PROBLEM STATEMENT →
In the records below, the relevant part opens with the line containing "Lindsay and Aaron" and closes with the line containing "Use baskets, jars, or"; print that part exactly and only, without its pictures.

RECORDS SUPPLIED →
----------

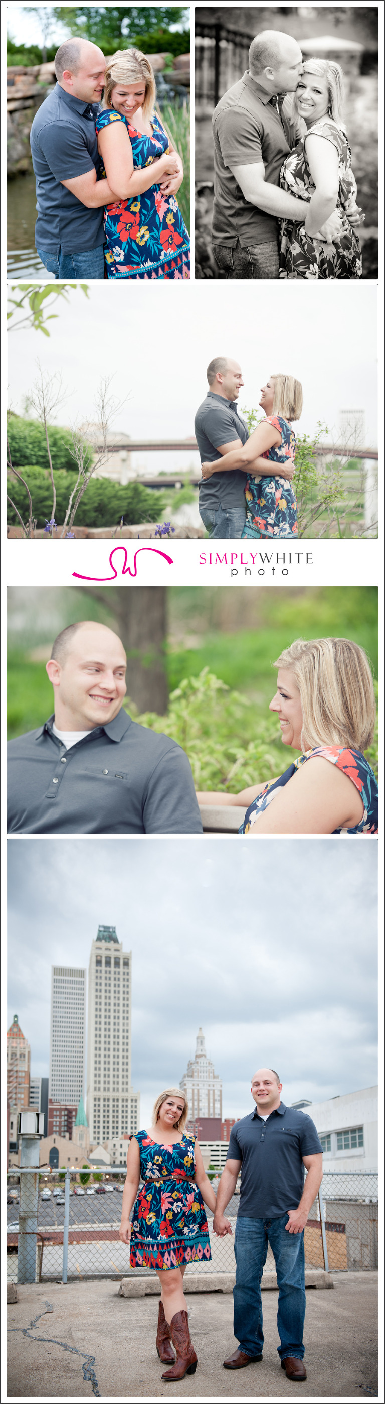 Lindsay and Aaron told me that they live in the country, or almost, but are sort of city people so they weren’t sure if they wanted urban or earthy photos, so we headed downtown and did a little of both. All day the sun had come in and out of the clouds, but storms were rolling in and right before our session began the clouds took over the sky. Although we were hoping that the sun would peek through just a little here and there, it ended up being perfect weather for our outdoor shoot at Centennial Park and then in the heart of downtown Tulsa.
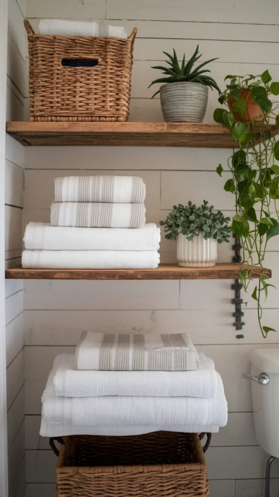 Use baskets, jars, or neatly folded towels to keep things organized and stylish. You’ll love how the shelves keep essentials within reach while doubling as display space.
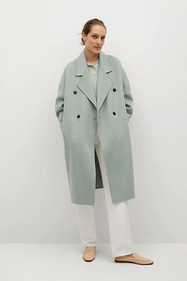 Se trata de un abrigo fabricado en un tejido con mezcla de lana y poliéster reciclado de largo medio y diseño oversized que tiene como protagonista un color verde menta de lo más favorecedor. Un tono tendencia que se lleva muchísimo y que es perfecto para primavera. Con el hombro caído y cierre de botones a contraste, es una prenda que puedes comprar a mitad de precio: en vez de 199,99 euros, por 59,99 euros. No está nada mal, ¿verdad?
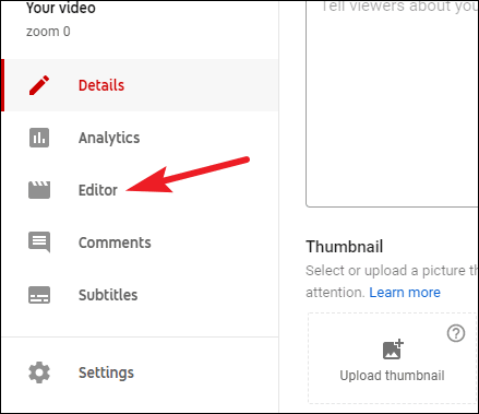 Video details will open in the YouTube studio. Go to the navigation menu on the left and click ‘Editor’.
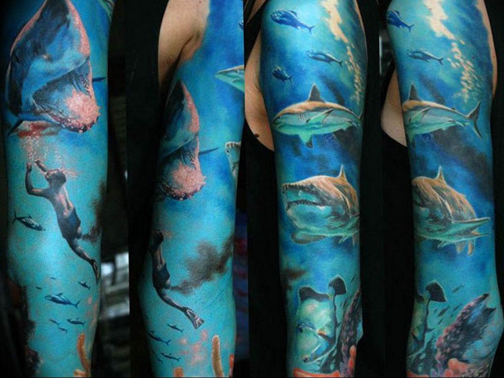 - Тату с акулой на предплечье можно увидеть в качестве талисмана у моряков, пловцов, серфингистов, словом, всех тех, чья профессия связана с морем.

----------

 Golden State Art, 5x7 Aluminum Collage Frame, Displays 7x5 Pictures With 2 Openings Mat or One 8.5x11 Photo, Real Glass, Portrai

----------

YOUR RESPONSE →
 Lindsay and Aaron told me that they live in the country, or almost, but are sort of city people so they weren’t sure if they wanted urban or earthy photos, so we headed downtown and did a little of both. All day the sun had come in and out of the clouds, but storms were rolling in and right before our session began the clouds took over the sky. Although we were hoping that the sun would peek through just a little here and there, it ended up being perfect weather for our outdoor shoot at Centennial Park and then in the heart of downtown Tulsa.
 Use baskets, jars, or neatly folded towels to keep things organized and stylish. You’ll love how the shelves keep essentials within reach while doubling as display space.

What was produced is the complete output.